First, let’s load the relevant libraries. We’re using numpy, matplotlib, scipy and opencosmo - these will already be in your environment if you’ve set up the opencosmo toolkit. In particular we’re using scipy’s KDTree matching algorithm to help with teh object matching, abinned_statistic to help with making

import numpy as np
from matplotlib import pyplot as plt # for plotting 
from matplotlib.colors import LogNorm
from scipy.spatial import cKDTree # for matching
from scipy.stats import binned_statistic_2d


import opencosmo
from pathlib import Path
data_root = Path("/global/cfs/cdirs/hacc/www/OpenCosmo/matching-halos-across-simulations")

Halo particles¶

Here we load the dataset and see the collections, this is divided up into the different types of particles, in the hydro case this is:

AGN (agn_particles)
dark matter (dm_particles)
gas (gas_particles)
stars (star_particles)

And for the gravity-only simulation we instead have:

gravity-only particles (gravity_particles)

alongside the properties of the halo (halo_properties).

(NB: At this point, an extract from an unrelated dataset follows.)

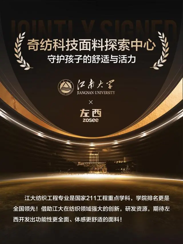 作為國貨童裝品牌,左西始終堅持品牌沉淀與面料研發(fā)創(chuàng)新,以高品質(zhì)、多功能、價格合理的產(chǎn)品滿足不同年齡段、不同需求兒童的日常、戶外穿著需求。今年,左西童裝攜手江南大學(xué)創(chuàng)立“奇紡科技面料探索中心”,左西不僅提升了產(chǎn)品的舒適度和安全性,更贏得了消費(fèi)者的廣泛認(rèn)可。

The properties and the particle data are linked as a Collection within the file.

What is the difference between dm_particles and gravity_particles?

Gravity-only simulations use dark matter-like particles designed to track the total matter in the simulation with only the influence of gravity, but they take into account the baryonic mass and the total matter transfer function. True dark matter particles in hydrodynamic simulations are solely the dark matter component.

import opencosmo as oc
ds_gravity = oc.open(data_root / "haloparticles.hdf5")
ds_hydro = oc.open(data_root / "haloparticles_hydro.hdf5")
print(ds_hydro)
print(ds_gravity)

Collection of halos with agn_particles, dm_particles, gas_particles, star_particles, and halo_properties
Collection of halos with gravity_particles and halo_properties

Matching between the datasets¶

To match between the datasets we use the property information to do an initial pass. We access this simply using, e.g.

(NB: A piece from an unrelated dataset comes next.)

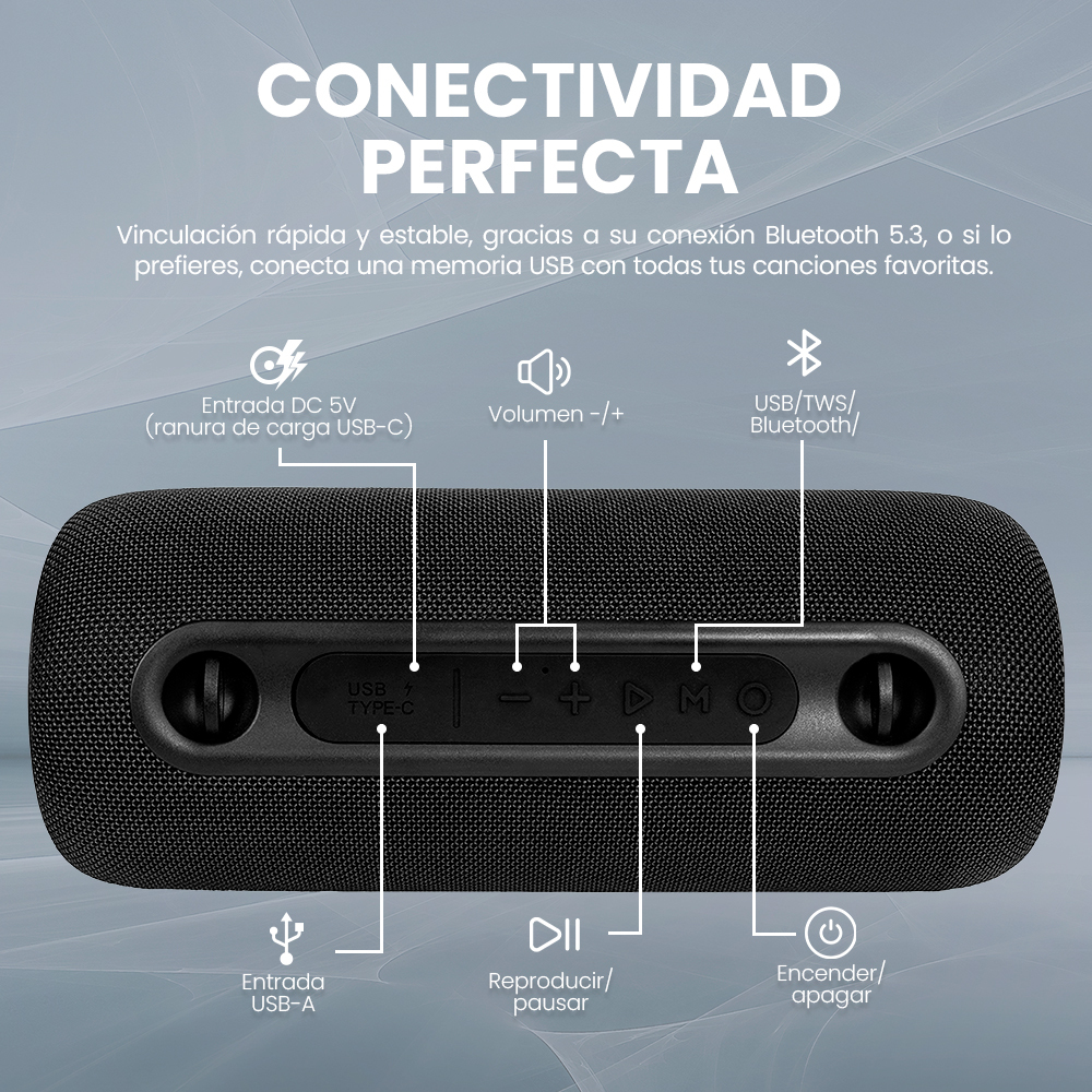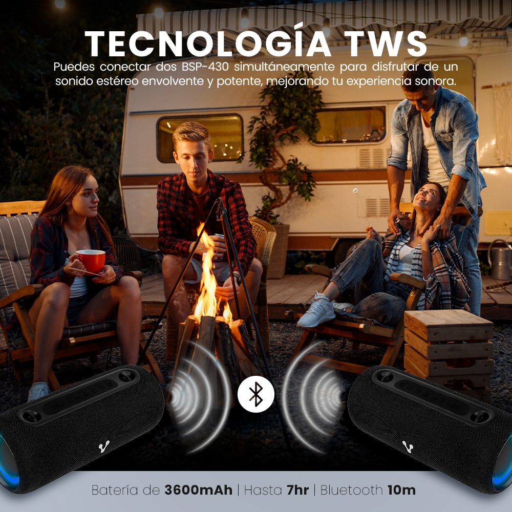 BOCINA VORAGO BSP-430 BLUETOOTH / USB / AROS LUZ RGB / TWS / 26W RMS CON HASTA 7 HRS AUTONOMIA TERMINADO EN TELA –

data_properties_hydro = ds_hydro['halo_properties']

data_properties_hydro = ds_hydro['halo_properties']
data_properties = ds_gravity['halo_properties']

accessing metadata

You can get details on the columns, their descriptions, and the cosmology using the following attributes

data_properties.cosmology
data_properties.columns
data_properties.descriptions

At this point, we haven’t loaded any actual data into memory. This is super useful when looking at large catalogs, and you’ll almost always want to filter the data in some way before loading it to limit your memory usage.

We can select only the columns we want using something like this

data_properties_hydro = data_properties_hydro.select([column1 ,column2, column3, ...])

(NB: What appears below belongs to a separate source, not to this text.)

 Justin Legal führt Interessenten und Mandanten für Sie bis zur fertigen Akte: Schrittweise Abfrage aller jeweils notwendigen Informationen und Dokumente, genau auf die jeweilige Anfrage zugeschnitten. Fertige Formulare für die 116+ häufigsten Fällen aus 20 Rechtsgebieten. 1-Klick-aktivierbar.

and restrict data using filters using, e.g.

filter_mass = oc.col("fof_halo_mass") > 1e13
data_highmass = data_properties.filter(filter_mass).

You can do more complex operations, such as creating derived columns, as described here https://opencosmo.readthedocs.io/en/stable/cols.html

Here we’re just going to select the spatial information, a tag we can use to define the halo, and the masses. Typically when you’re comparing between gravity-only and hydro simulations you should compare spherical overdensity masses so we’ll select ‘sod_halo_mass’, and in HACC the spherical overdensity middle point is taken from the fof halo center so we’ll use ‘fof_halo_center_xyz’.

We then get the data using the function

get_data(),

for which we can put a string argument of numpy, astropy, pandas, polars, or arrow to define the type of data you’d like returned.

column_list = ['fof_halo_mass', 'fof_halo_center_x', 'fof_halo_center_y',
               'fof_halo_center_z', 'fof_halo_tag']

data_properties_hydro = data_properties_hydro.select(column_list)
data_properties = data_properties.select(column_list)

dict_props = data_properties.get_data('numpy') 
dict_props_hydro = data_properties_hydro.get_data('numpy')

Now let’s do a match-up. We’ll do a 1Mpc radius for candidate matches, using a KDTree method from scipy.

# catalog A
posA = np.vstack([dict_props['fof_halo_center_x'], dict_props['fof_halo_center_x'], dict_props['fof_halo_center_x']]).T
posB = np.vstack([dict_props_hydro['fof_halo_center_x'], dict_props_hydro['fof_halo_center_x'], dict_props_hydro['fof_halo_center_x']]).T

tree = cKDTree(posB)
dist, idx = tree.query(posA, k=1)

radius = 1.0
mask = dist < radius

matched_A = dict_props['fof_halo_tag'][mask]
matched_B = dict_props_hydro['fof_halo_tag'][idx[mask]]

understanding masses

Spherical overdensity algorithms look at properties of all particles in a spherical shell surrounding a center point, while friends-of-friends algorithms directly link dark-matter particles. For gravity-only simulations, these only differ by 5-10%, however for hydro simulations, you need to remember that dark-matter FOF algorithms exclude the baryonic mass. To compare those you would need to use the baryonic fraction, found in the cosmology, to get equivalent masses.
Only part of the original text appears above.